[Assignment]:
Using the entries that follow, transcribe only the lines from the line with "现在,国家电网供电公司,国家" to the line with "Alexandre Keltchewsky (r), Head", both included, exactly as they stand and without pictures.

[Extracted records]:
+---+
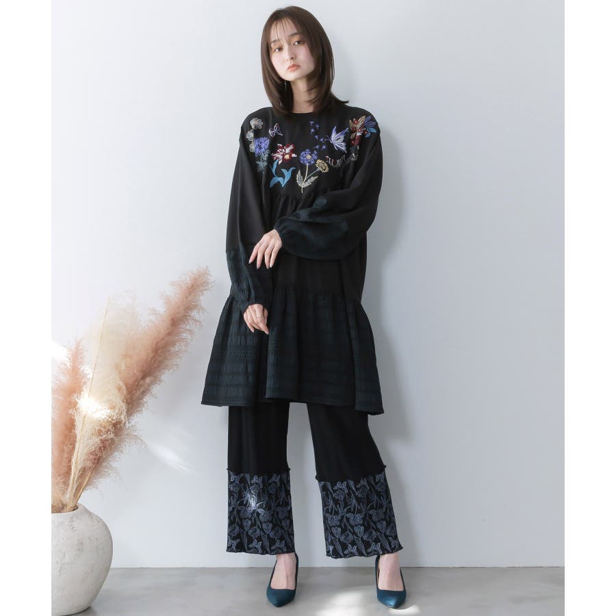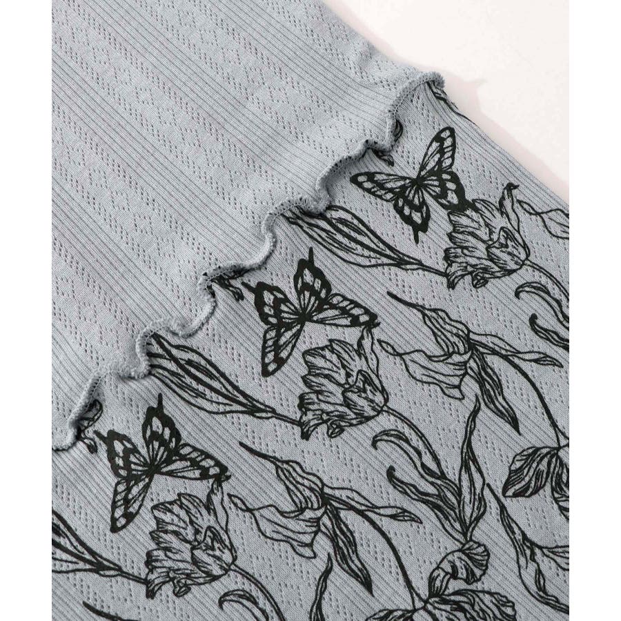 裾にあしらったチューリップと蝶々柄がコーディネートを華やかに彩ります。
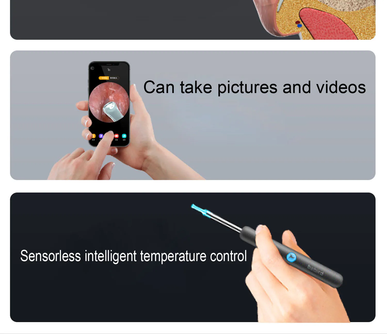 Быстрое визуальное подключение Wi-Fi. Для открытия ушей не требуется подключение. Используйте оптические линзы и высокую производительность 300 Вт пикселей. Cmos-датчик имеет четкое изображение, 20x усиливающий ушной канал и 55 ° угол обзора. 13 комбинированных линз и 6 светодиодный ламп. Водонепроницаемый объектив IP67. Можно стирать в воде. Адаптируется к сухим ушам, масляным ушам и другим сложным условиям. 3 оси smart направленного гироскоп быстрого позиционирования, экран, нет ошибок и встряхните. Высококлассная технология кодирования видео OV chip, синхронная захватывающая синхронизация рук и глаз! Сильный сигнал WiFi, проникающая мощность, Избегайте задержки. Более безопасная защита. Пряжка для ушей, защита от перегрева, автоматическое отключение времени, блокировка детей и защита от мороза. Умный постоянный контроль температуры. Предотвращение низкой температуры и горения ушей. Otoscope: 25 °C неиндуктивная температура. Корпус наушника: 32 °C температура ладони. Длительная выносливость. Встроенный аккумулятор емкостью 250 мАч. Выбор раз в неделю в течение 10 минут, можно использовать около 30 дней.
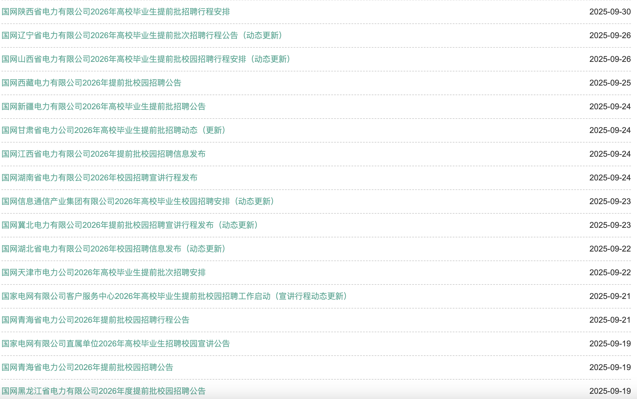 现在,国家电网供电公司,国家电网有限公司直属科研产业单位,南瑞集团有限公司(国网电力科学研究院),各地国家电网供电公司,2025/2026招聘正在如火如荼地进行中!电气工程、计算机、通信...多专业可投,覆盖南京、北京、深圳等全国20多个地区!
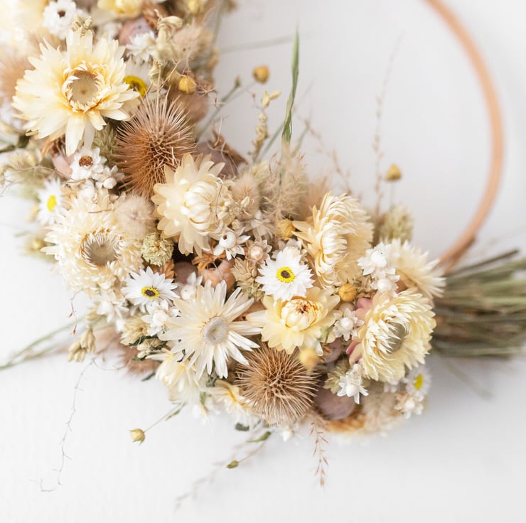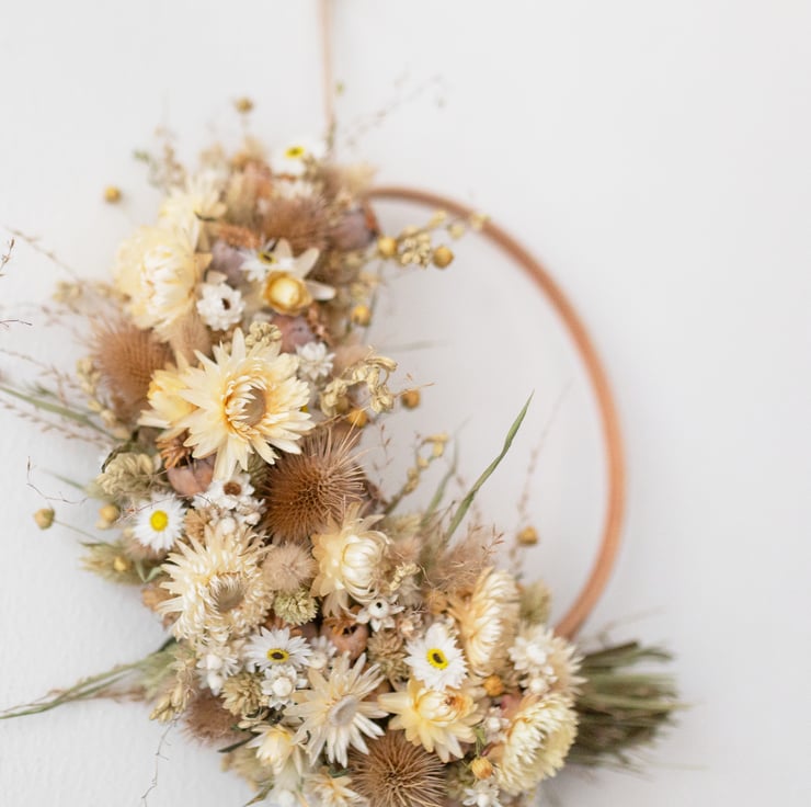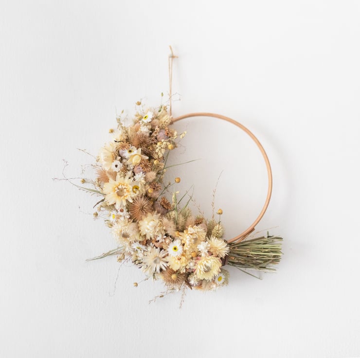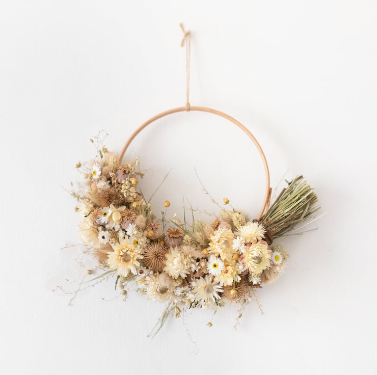 The wreath hoop base measures approx. 20cm, with dried flowers approx. 27cm
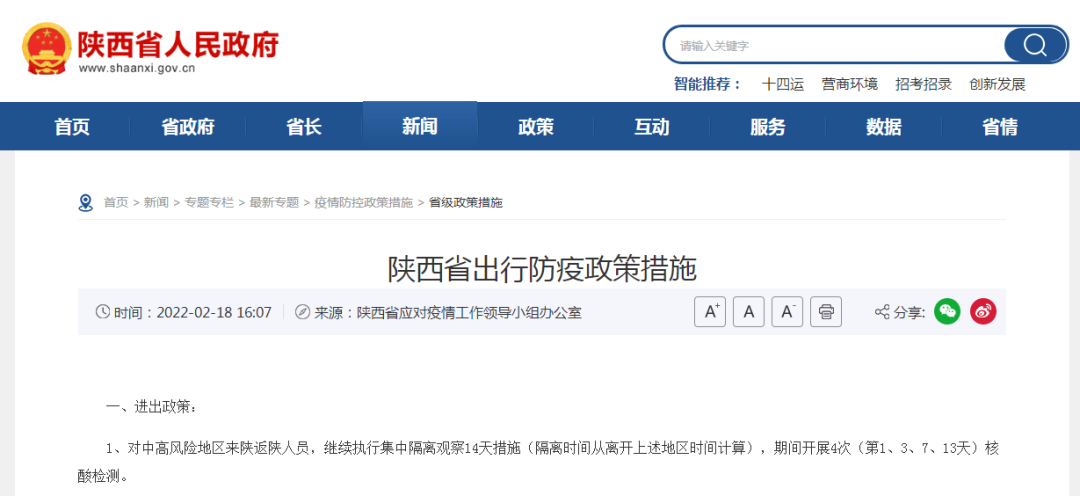 陜西省應(yīng)對(duì)疫情工作領(lǐng)導(dǎo)小組辦公室日前發(fā)布陜西省最新出行防疫政策措施。
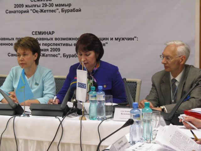 Alexandre Keltchewsky (r), Head of the OSCE Centre in Astana; Gulshara Abdykalikova (c), Minister of Labour and Social Protection; and MP Elena Tarasenko at a seminar on the draft law on gender equality, Borovoye, northern Kazakhstan, 29 May 2009.
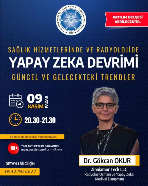 8 Kasım DÜNYA RADYOLOJİ GÜNÜ etkinlikleri kapsamında İngiltere ve ABD'de Zinniamor Tech LLC 'de Radyoloji Uzmanı olarak Yapay Zeka uygulamaları üzerine araştırma yapan Dr. Gökcan OKUR uzaktan bağlantı ile '' SAĞLIK HİZMETLERİNDE ve RADYOLOJİDE YAPAY ZEKA'' konulu bir seminer verecektir.
+---+
[Solution to the exercise]:
 现在,国家电网供电公司,国家电网有限公司直属科研产业单位,南瑞集团有限公司(国网电力科学研究院),各地国家电网供电公司,2025/2026招聘正在如火如荼地进行中!电气工程、计算机、通信...多专业可投,覆盖南京、北京、深圳等全国20多个地区!
 The wreath hoop base measures approx. 20cm, with dried flowers approx. 27cm
 陜西省應(yīng)對(duì)疫情工作領(lǐng)導(dǎo)小組辦公室日前發(fā)布陜西省最新出行防疫政策措施。
 Alexandre Keltchewsky (r), Head of the OSCE Centre in Astana; Gulshara Abdykalikova (c), Minister of Labour and Social Protection; and MP Elena Tarasenko at a seminar on the draft law on gender equality, Borovoye, northern Kazakhstan, 29 May 2009.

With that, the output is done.